Structure was goin good.. but he fucked it up
No multies nor word play.. pretty weak verse..
Overall.. i'd rate this about....9/20
GodFather came pretty good this time, actually
He got this in my eyes. He had good flow,
some multies which you dont really see.
And his punches were just hard hitting.
This is what needs to be seen by Godfather more.
Overall.. i'd rate this a 12/20
V/Godfather
Well i liked the structure of fresh's verse...but the punches were kinda generic and not aimed well...the opener was maybe your only punch, and pretty weak....it flowed nice though, maybe try uppin the vocab and try for harder punches...keep at it..

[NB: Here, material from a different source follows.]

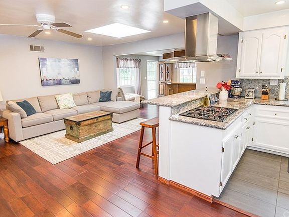 Perched above the street and located in the El Oro Way Charter Elementary and Robert Frost Middle school districts, both rated 9 out of 10 by GreatSchools.org, this stunning single-story home offers chic updates, a flexible floor plan, and a park-like backyard perfectly suited for entertaining and privacy! A double-door entryway welcomes you into the formal living and dining rooms with an inviting fireplace for elegant gatherings. Steps away, you'll find a beautifully updated kitchen with backyard views, granite counters and backsplashes, and stainless steel appliances that opens to the spacious and bright family room with a skylight and impressive wet bar. Secluded sleeping quarters include two amply sized guest bedrooms served by a gorgeously remodeled full bath with dual sinks, and a dreamy master suite with walk-in closet, luxuriously remodeled bath, and sliding glass doors leading out to a patio and the backyard. Smooth ceilings throughout, recessed lighting, and rich engineered wood flooring in most of the rooms add the perfect touch of warmth and class to this incredible home. Meticulously landscaped and with beautiful curb appeal, one of the best features of this home is the expansive, flat backyard with grassy lawn, citrus trees, and mature foliage for ultimate privacy -- perfect for enjoying year-round.

Godfather-lots of multi's...but not too many, it still flowed nice and you had a couple of creative lines...i like the bike frame one...structure was good, nice verse....maybe a little more personals is all I can think of....good job..
V-Godfather(2)
return the favor...check my sig..thx...
uppin for votes
This battle was okay, but...
(((Fresh))): Ur verse was weak. Hardly any real punches. And you had maybe one good line in ur verse. The one with beat and mastered the art. Too bad you haven't.... LOL... anyway man, ur whole rap scheme needs work. Keep elevatin'.
Godfather(2): First off, poll vote on my battle with CAMROK, aight? It's in my sig. Ur verse was pretty good. Nice punches, but you just need to get up another level on all your aspects. But it was good. Keep elevatin'.